Irish: if we really care about it, let's stop the pretence [Independent.ie]

Six out of 10 parents, according to new research, think children should be tortured daily. Or forced to learn Irish up until Leaving Cert, to give the practice its official name. The survey? Oh, that was carried out on behalf of Comhar na Muinteoiri Gaeilge, a support organisation for Irish language teachers.

That's a bit like using a survey by the Babar Institute to claim that six out of 10 people who visit the zoo think elephants should be given more sticky buns.

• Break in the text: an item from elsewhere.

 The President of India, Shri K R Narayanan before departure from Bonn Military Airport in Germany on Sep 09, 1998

As it happens, I don't believe a word of it. That is, I believe 61 per cent of parents claim to want Irish to remain compulsory, in the same way that people, if asked by pollsters, would express a desire for less rain, or for Dart carriages to smell of hollyhocks and freshly baked bread. I just don't believe that so many parents actually care that much about the subject, since, if they did, they could make a greater effort to use Irish with their children in their own daily lives.

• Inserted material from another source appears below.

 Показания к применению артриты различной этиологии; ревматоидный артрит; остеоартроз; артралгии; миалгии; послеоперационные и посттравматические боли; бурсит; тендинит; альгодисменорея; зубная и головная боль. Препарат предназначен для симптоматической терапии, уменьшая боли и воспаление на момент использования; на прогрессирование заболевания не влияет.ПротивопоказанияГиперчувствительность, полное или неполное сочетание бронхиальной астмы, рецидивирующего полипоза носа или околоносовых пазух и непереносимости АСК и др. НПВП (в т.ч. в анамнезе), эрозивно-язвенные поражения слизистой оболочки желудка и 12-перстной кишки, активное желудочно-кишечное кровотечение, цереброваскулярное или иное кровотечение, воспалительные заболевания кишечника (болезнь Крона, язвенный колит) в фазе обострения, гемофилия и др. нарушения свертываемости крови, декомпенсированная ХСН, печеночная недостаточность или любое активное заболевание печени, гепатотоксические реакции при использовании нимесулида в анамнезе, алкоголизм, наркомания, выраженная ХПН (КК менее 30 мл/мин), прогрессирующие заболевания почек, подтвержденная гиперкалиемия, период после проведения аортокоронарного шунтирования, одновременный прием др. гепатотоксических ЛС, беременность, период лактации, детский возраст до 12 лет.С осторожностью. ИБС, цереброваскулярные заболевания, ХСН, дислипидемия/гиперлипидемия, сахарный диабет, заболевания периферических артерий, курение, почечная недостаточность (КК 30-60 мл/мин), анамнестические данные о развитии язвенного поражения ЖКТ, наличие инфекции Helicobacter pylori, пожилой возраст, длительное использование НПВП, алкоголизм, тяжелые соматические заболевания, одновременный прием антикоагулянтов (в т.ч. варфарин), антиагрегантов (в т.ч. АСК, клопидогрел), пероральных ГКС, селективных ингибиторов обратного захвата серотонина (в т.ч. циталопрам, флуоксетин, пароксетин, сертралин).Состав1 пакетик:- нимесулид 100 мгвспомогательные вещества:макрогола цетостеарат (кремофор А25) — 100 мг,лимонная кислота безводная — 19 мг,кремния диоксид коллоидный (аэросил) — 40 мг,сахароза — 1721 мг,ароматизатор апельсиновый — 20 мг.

In fact, I'd go further. If you're not making the effort to speak Irish regularly, then your advocacy of the language carries no more weight than the views of a deaf man on how loud the juke box should be played in bars. It's just another example of the tendency to heft responsibility for doing the right thing on to other people's shoulders whilst carrying none of the burden oneself.

Same goes for Irish teachers. If the maintenance of Irish as a compulsory core subject is so dear to their little Gaelic hearts, then they should start teaching it better. That way, it might come to be seen as something worth fighting to preserve, rather than a drain on a curriculum already weighed down with pointless distractions.

The battle is definitely on. Fine Gael has already committed itself at the national level to ending compulsory Irish at Leaving Cert -- a policy which hasn't gone down well in the Gaeltacht, where they've been raking it in for decades making children miserable in their wretched summer schools. Labour's never exactly been keen on the language either, perhaps in revenge for the fact that culchies still refuse to vote for it in the same numbers as Dublin 4 metrosexuals.

If the defenders of Irish language teaching want to keep the gravy train going, they'll have to fight back with something more robust than a poxy survey and a few pious platitudes. Fail, however, and they'll only have themselves to blame.